PICNIK SPINACH ARTICHOKE DIP RECIPE
spinach artichoke dip gets a modern update with fresh, functional ingredients.
You know it's going to be a good party when a big bowl of warm, cheesy spinach artichoke dip sits front and center on the hor d'oeuvre table.
This recipe is low-carb, sugar-free, keto-friendly, and loaded with alkalizing greens like spinach and collard greens. It's super easy to make and can be prepared a day or two ahead of time and placed in the oven to bake when you're ready. It's an easy, peasy appetizer that is sure to be a crowd pleaser.
Let's dive in...
Picnik Creamer Spinach Artichoke Dip
- 2 10 oz. bags frozen organic whole leaf spinach; thawed, drained, and squeezed
- 1 10 oz. bag frozen organic collard greens; thawed, drained, and squeezed
- 1 14 oz. can organic, quartered baby artichokes; drained and rough chopped
- 1 4.9 oz. can organic water chestnuts; rough chopped
- 1 cup yellow onions; medium diced
- 2 tbsp. garlic; chopped
- 2 tbsp raw apple cider vinegar
- 1 cup tapioca starch
- 1 tsp. nutmeg; grated
- 2 cups raw parmesan cheese + ½ cup set aside
- 2 ½ cups Picnik Creamer
- 3 tbsp. avocado oil + 2 tbsp. set aside
- salt + black pepper to taste
- Preheat oven to 350 F degrees.
- Next, using a pastry brush, take the 2 tbsp. of avocado oil and grease the bottom of a 9 x 9 casserole baking dish. Set aside.

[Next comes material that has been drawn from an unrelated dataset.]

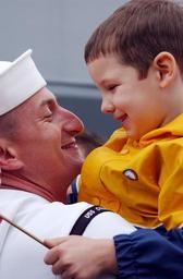 | Keywords: US Navy 020425-N-1110A-502 Sailor is greeted by son during homecoming.jpg en Norfolk Naval Station VA Apr 25 2002 -- Damage Controlman 1st Class Jeff Paca is greeted by his son during homecoming celebrations for the U S Navy destroyer USS Cole DDG 67 The Cole has been at the Northrop Grumman Ship System facility in Pascagoula MS for the past 14 months undergoing repairs after a terrorist bomb blew a hole in her port side while refueling in the port city of Aden Yemen killing 17 sailors U S Navy photo by Photographer s Mate 1st Class Tina M Ackerman RELEASED 2002-04-25 020425-N-1110A-502 Navy http //www navy mil/view_image asp id 1368 U S Navy photo by Photographer s Mate 1st Class Tina M Ackerman PD-USGov-Military-Navy Personality rights Sailor suits Sailor collars Military people of the United States with children Naval Station Norfolk Sailors coming home Fathers and sons Boys of the United States April 2002 photographs April 2002 in the United States Military people in 2002 Sailor caps of the United States Navy 25 April April 2002 in Virginia Taken with Nikon D1H Sailors from the United States Navy Two males |

- Working in a heavy bottom sauce pot, add the 3 tbsp. of avocado oil and place over medium high heat.
- Once the oil begins to shimmer, add the 1 cup of medium diced onions. Season with salt only.
- Allow the onions to sauté, stirring often, until they become translucent, about 3-4 minutes.
- Add the chopped garlic and stir to incorporate. Allow the garlic to soften for a minute.
- Next, sprinkle the tapioca starch over the onion and garlic mixture and stir to combine. The mixture will start to thicken.
- Now, add the Picnik Creamer and stir to combine.
- Continue to stir the mixture until it comes to a full boil and becomes very thick.
- Once the mixture has thickened, remove from heat, and add the nutmeg, raw parmesan, water chestnuts, and artichokes hearts and stir to combine.
- Now, add the spinach and collard greens and stir to combine. Adjust seasoning with salt and black pepper.
- Scoop the mixture into the prepared casserole or baking dish.
- Sprinkle the remaining raw parmesan over the top of the mixture.
- Place the casserole in the 350F degree oven until the cheese is melted and golden brown.
- Serve with almond flour tortilla chips or your favorite toasted gluten-free bread.